[Instructions to follow]:
Scan the records for the word "city". Return each line where it is found.

[Provided data]:

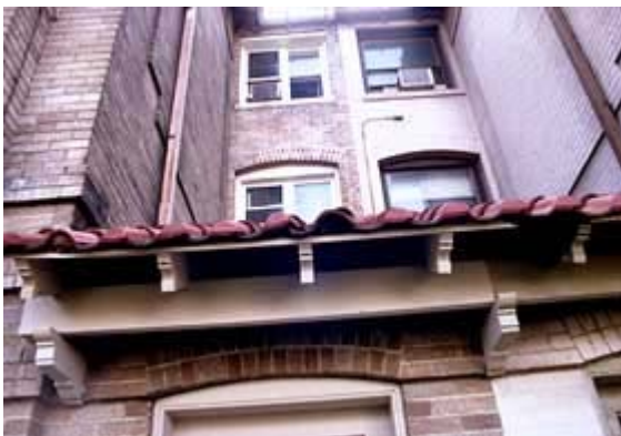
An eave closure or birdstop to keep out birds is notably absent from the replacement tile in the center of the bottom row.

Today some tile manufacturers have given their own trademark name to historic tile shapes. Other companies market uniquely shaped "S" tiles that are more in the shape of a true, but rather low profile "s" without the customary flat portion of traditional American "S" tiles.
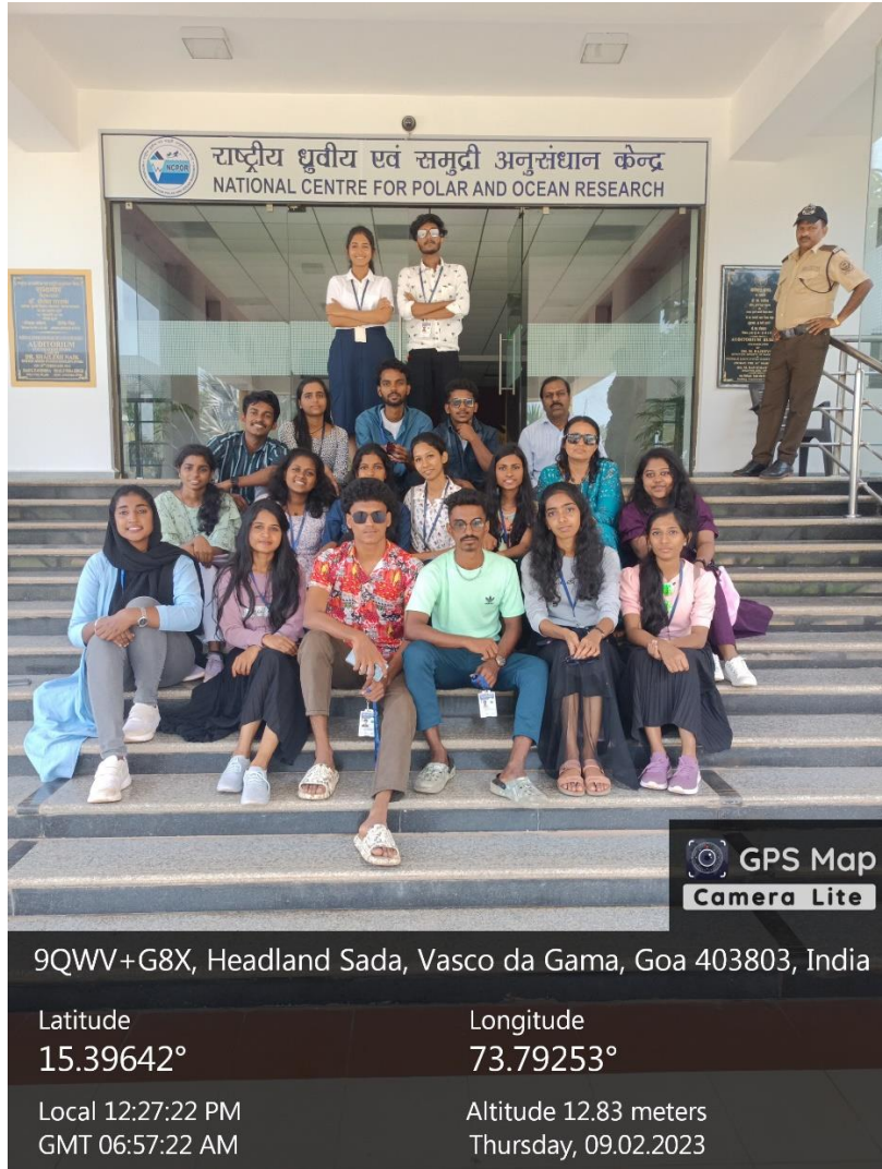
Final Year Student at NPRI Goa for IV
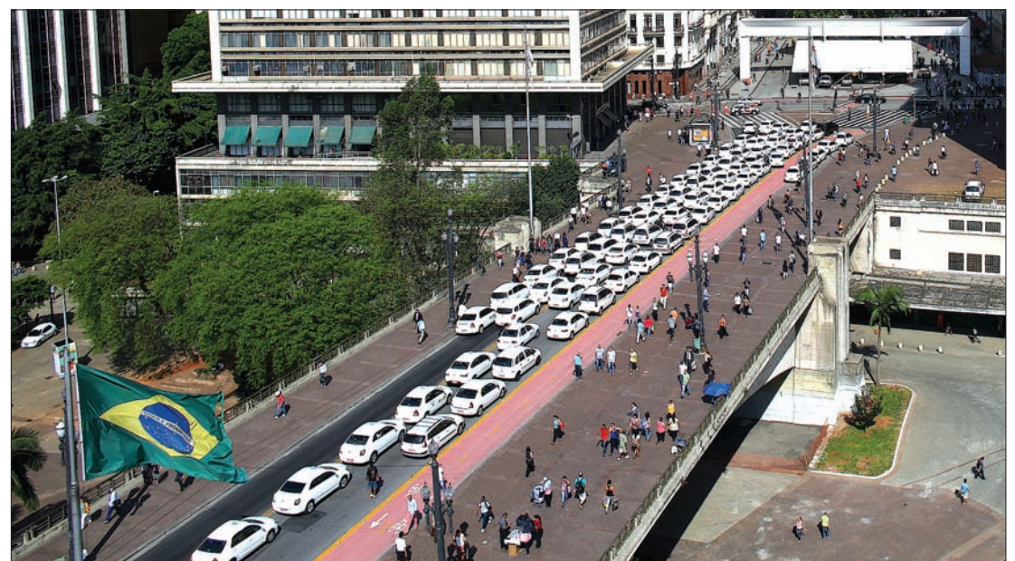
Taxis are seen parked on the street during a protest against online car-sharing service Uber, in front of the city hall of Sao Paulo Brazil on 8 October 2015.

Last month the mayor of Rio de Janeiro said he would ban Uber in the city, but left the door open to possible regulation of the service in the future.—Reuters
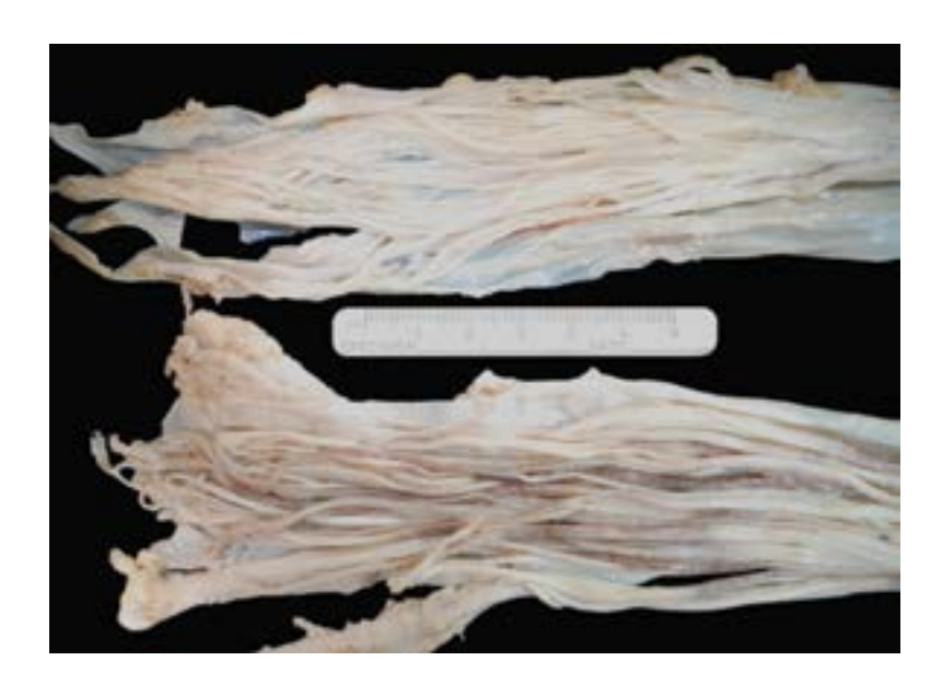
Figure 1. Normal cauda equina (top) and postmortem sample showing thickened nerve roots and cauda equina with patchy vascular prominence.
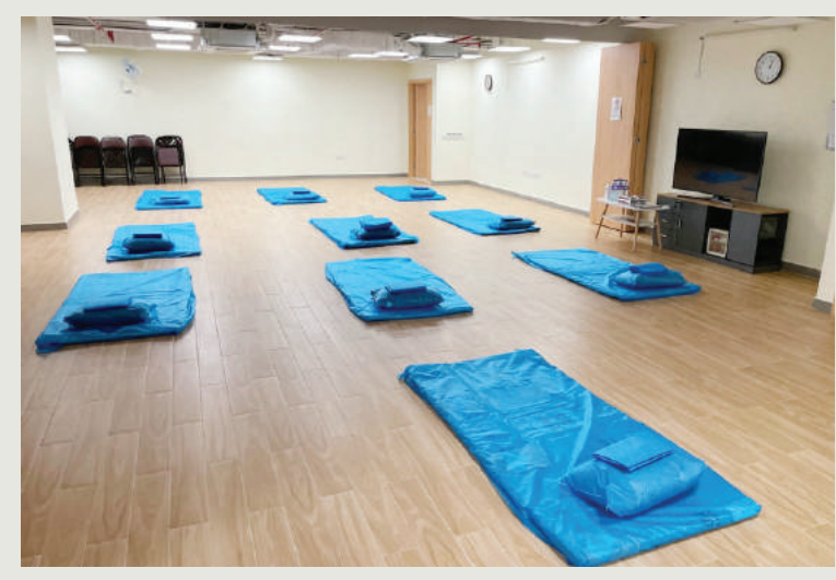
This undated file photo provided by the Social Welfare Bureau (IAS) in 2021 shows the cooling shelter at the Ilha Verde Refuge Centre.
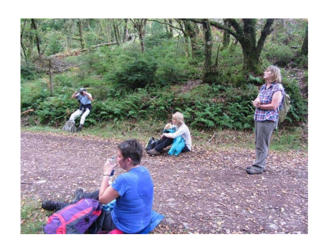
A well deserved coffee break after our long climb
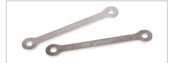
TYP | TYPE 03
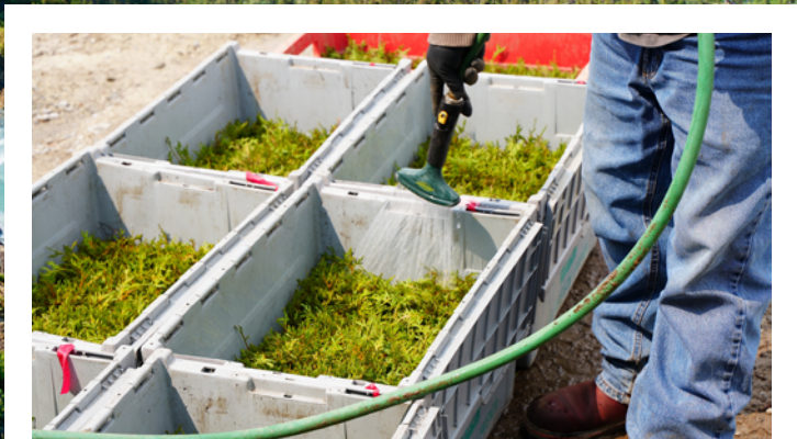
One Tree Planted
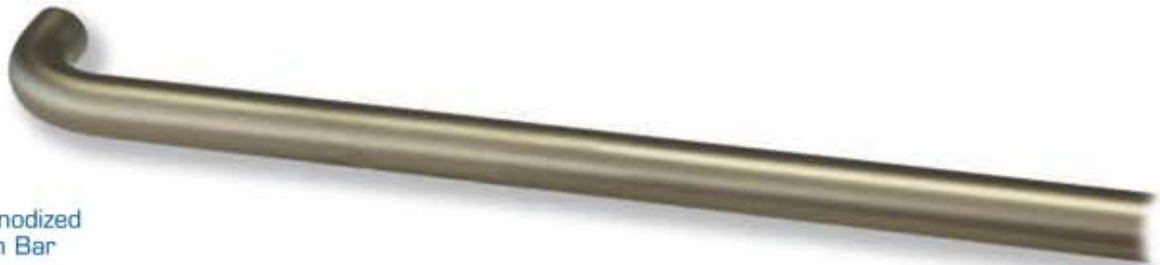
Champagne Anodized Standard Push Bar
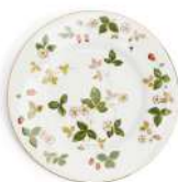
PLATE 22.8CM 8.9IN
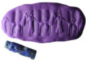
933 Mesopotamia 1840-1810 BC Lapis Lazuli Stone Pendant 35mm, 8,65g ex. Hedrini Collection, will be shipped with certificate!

[Output for this task]:
Taxis are seen parked on the street during a protest against online car-sharing service Uber, in front of the city hall of Sao Paulo Brazil on 8 October 2015.
Last month the mayor of Rio de Janeiro said he would ban Uber in the city, but left the door open to possible regulation of the service in the future.—Reuters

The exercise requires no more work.